Over the past two weeks, we’ve talked about some practical steps on how to see a therapist. But when exactly should you see one?
When I’ve suggested seeing a therapist to people in the past who I thought could really benefit from it, some of the reactions I got included:
Oh my problem isn’t that serious. I don’t need it.
Therapy is for other people, but not for me.
Why should I see one? I don’t have a disorder.
But therapy isn’t just those who are struggling mental illness. I’m a firm believer that people at any stage in their lives could benefit from it. Whether you want to get a mental health check up or just talk through something that happened earlier in the week, it can be really helpful.

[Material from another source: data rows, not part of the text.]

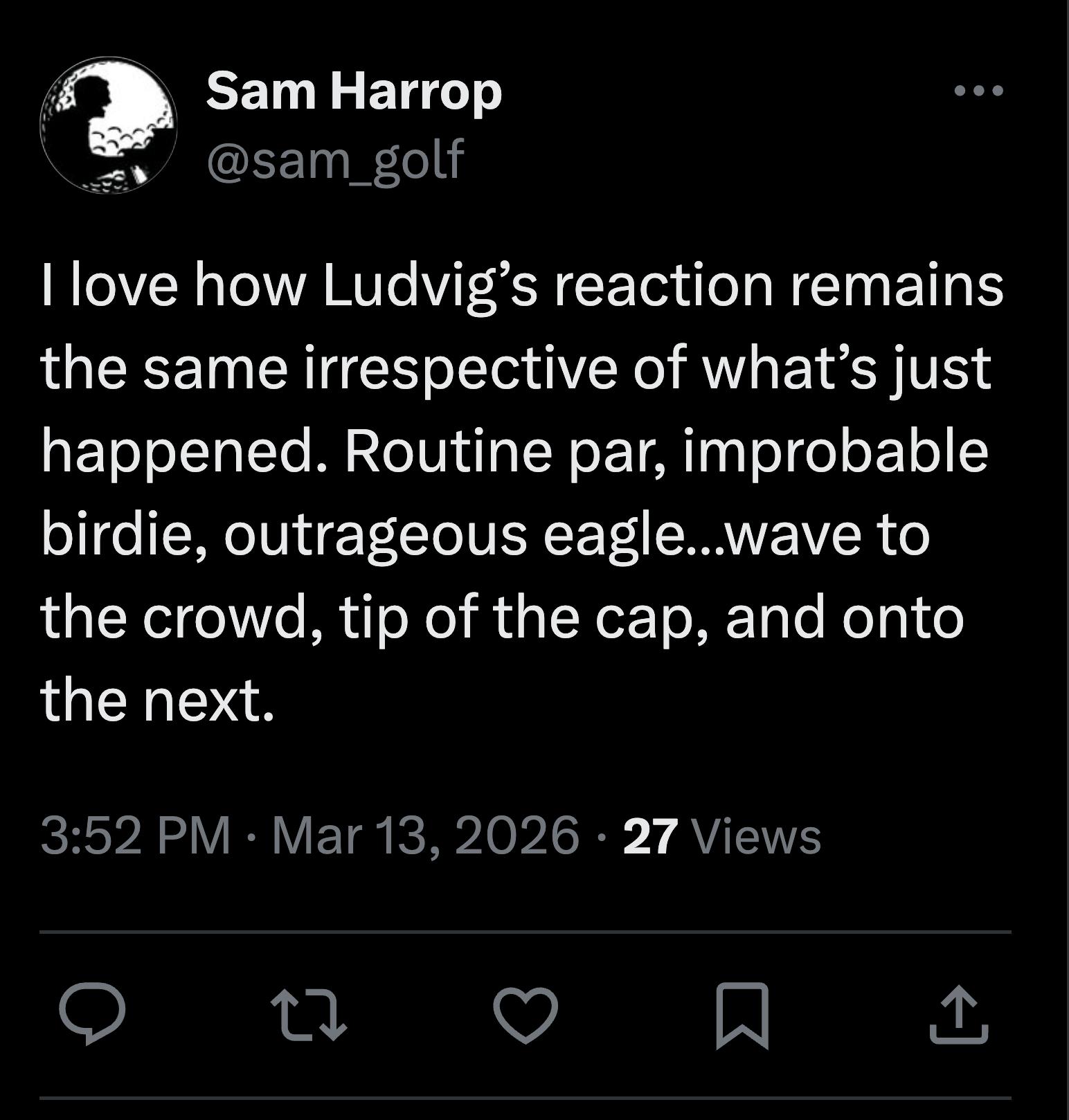 Making this complex thing look so basic and languid. Making the bottomless well of golf intricacy look like you’re simply dipping a ladle and taking a drink. It feels impossible that anyone could ever waste less effort being great at the game than Ludvig does.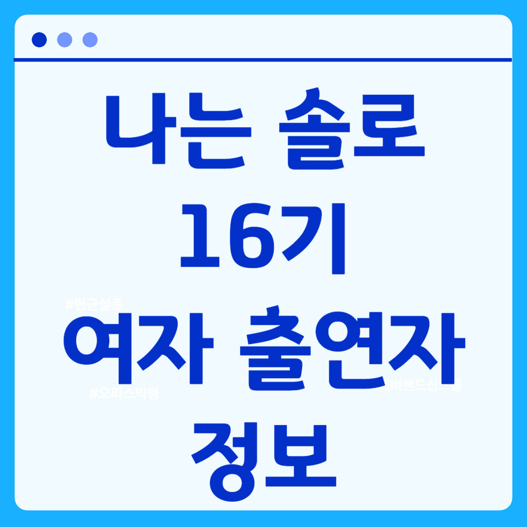 나는 솔로 16기 돌싱특집으로 다시 돌아왔습니다. 옥순 정숙 현숙 순자 영자 영숙 여자 출연자들의 인스타, 직업, 성격 등 각 캐릭터의 다양한 사연들까지 모두 알아보는 시간 가져보겠습니다. 이어서 많은 분들이 궁금해하는 나는 솔로 16기 돌싱특집의 촬영 장소까지 소개드릴테니 끝까지 주목해주세요!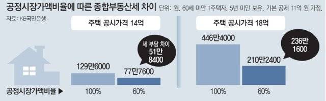 먼저 1가구 1주택자의 종부세 부담은 올해부터 줄어든다. 정부는 8월 2일 종부세법 시행령을 개정해 종부세의 공정시장가액비율(과세표준을 산정할 때 공시가격에 곱하는 비율)을 100%에서 60%로 낮췄다. 공정시장가액비율은 올해부터 100%가 적용될 예정이었지만 종부세법 시행령 개정으로 1주택자의 세 부담이 지난해보다 낮아지게 됐다.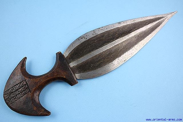 Up for sale is this very good quality dagger of the Lobala people from Northern Zaire. Very typical in the blade shape and big wood handle with flared pommel. The blade is 11 inches long; spearhead shape with a central shallow rib and with the original blackened patina. The wide handle is 5 inches wide. Total length 16 1/2 . Very good condition. |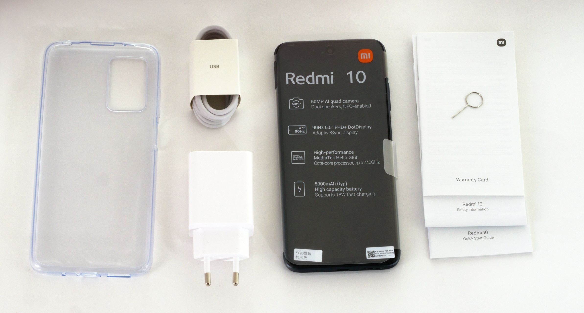 Das Xiaomi Redmi 10 wird in einer typischen Smartphone-Pappverpackung geliefert. In dieser befinden sich, neben dem Smartphone selbst, ein Öffnungsschlüssel für das SIM-Fach, ein USB-Netzteil, ein USB-C-Ladekabel mit einer Länge von 1,0m, die üblichen Anleitungen und Garantiehinweise sowie eine transparente Silikonhülle. Der Lieferumfang ist somit vergleichbar zu dem anderer Geräte.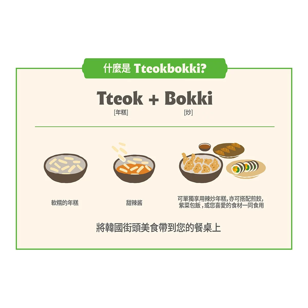 | 使用方式 | 加熱調理條件: 1.將年糕用水洗淨。 2.將年糕、調味粉和3/4杯水放入中等大小的煎鍋中,以大火煮沸。 3.煮沸後,轉中火,繼續翻炒2分30秒。偶爾攪拌以防止燒焦。 |
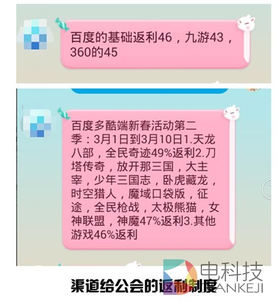 自从渠道开始以充值返利的方式争抢公会资源后,大大小小的公会就一窝蜂的涌了过来,场面一度失控,后来渠道一想,如果这样的战斗继续打下去,光给公会的返利,就会让自己赔个精光,于是渠道便给公会设了一道坎儿,只有充值到1000万的公会才能拿到追加的10%返利。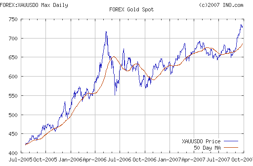 Gold made a new 28 year high close on the COMEX in New York yesterday. It was up $4.70 to $732.50 at the close. In overnight trading in Asia and Europe gold has continued to rally and has risen to $738.00/738.50 per ounce as of 1130 GMT. There seems to be strong support now at $726.
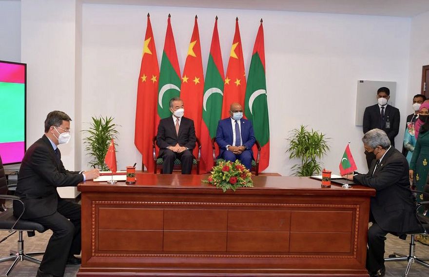 ޗައިނާއިން ރާއްޖެއަށް ހިލޭ އެހީ ދޭން ނިންމީ ޗައިނާގެ ފޮރިން މިނިސްޓަރު ވަންގް ޔީ ރާއްޖެއަށް މިހާރު ކުރައްވަމުން ގެންދަވާ ދަތުރުފުޅުގެ ތެރެއިން ދެ ގައުމުގެ ދެމެދުގައި މިއަދު ބޭއްވި މަޝްވަރާތަކަށް ފަހު ދެ ގައުމުން ސޮއިކުރި އެއްބަސްވުންތަކުގެ ދަށުންނެވެ.

In order to understand how therapy can be useful, here is a framework for how I think about the different levels of Emotional Debt:
Mild
Moderate
Severe
Different Levels of Emotional Debt
In order to make this discussion really concrete, let’s use an example and pretend that my pet dog El Chapo just passed away and I’m grieving.
Mild
This level Emotional Debt affects me but doesn’t really disrupt my life.
How I’m reacting
I’m sad at work. It’s hard to focus on my tasks but I still complete them. I think about El Chapo a lot and post pictures of him on Facebook. I chat with my friends about how much I miss my dog. Sadness sticks with me but doesn’t overwhelm me.
How therapy can help
Therapy can help me process the loss of El Chapo in a judgement free zone. It’ll give me the space I need to truly grieve and express everything I might be going through. I can also receive the comfort and care that I may not get through my friends or family. I don’t need a therapist, but it could help accelerate the process of me coming to terms with my dog’s death.
Moderate
This level of Emotional Debt disrupts my life but doesn’t completely stop me from functioning.
How I’m reacting
I feel sad, maybe even depressed. It’s really hard for me to finish my tasks and I’m even late on a few of them. My boss ends up asking if I’m doing okay because she notices that my work is being affected. I don’t want to hang out with my friends even though they ask me to get dinner. There are times when I’m overwhelmed by my sadness. At night, I cry before I go to bed.
How therapy can help
Therapy can help me understand the process of grief. It can help me explore the deeper themes that El Chapo is bringing up. I’ll be able to receive not only the compassion and care that I need, but some tools to not get stuck in the sadness. In this way, it can even prevent depression from setting in. Therapy isn’t required, but is highly recommended.
Severe
This level of Emotional Debt completely disrupts my life and prevents me from functioning.
How I’m reacting
I can’t get out of bed. I can’t go to work. I stay in my room and don’t want to talk to anyone. I barely eat and I sleep 16 hours a day. I don’t have the energy to do anything and it’s been like this for months.
How therapy can help
At this point, professional help is strongly recommended. My sadness has gotten to the point where it has completely overwhelmed me and I can’t do the basic things such as eating or sleeping. I need someone to help guide me through my grief and to help process it in a healthy way. I may even need some medication.
Discussion Questions
The different levels of Emotional Debt can be applied to almost anything you are going through. Next week, we are going to use this framework to explore anxiety, something many of us are dealing with in the midst of this pandemic.
What was something you recently have been bothered by?
Was it mild, moderate, or severe?
How did you process or attempt to pay down that Emotional Debt?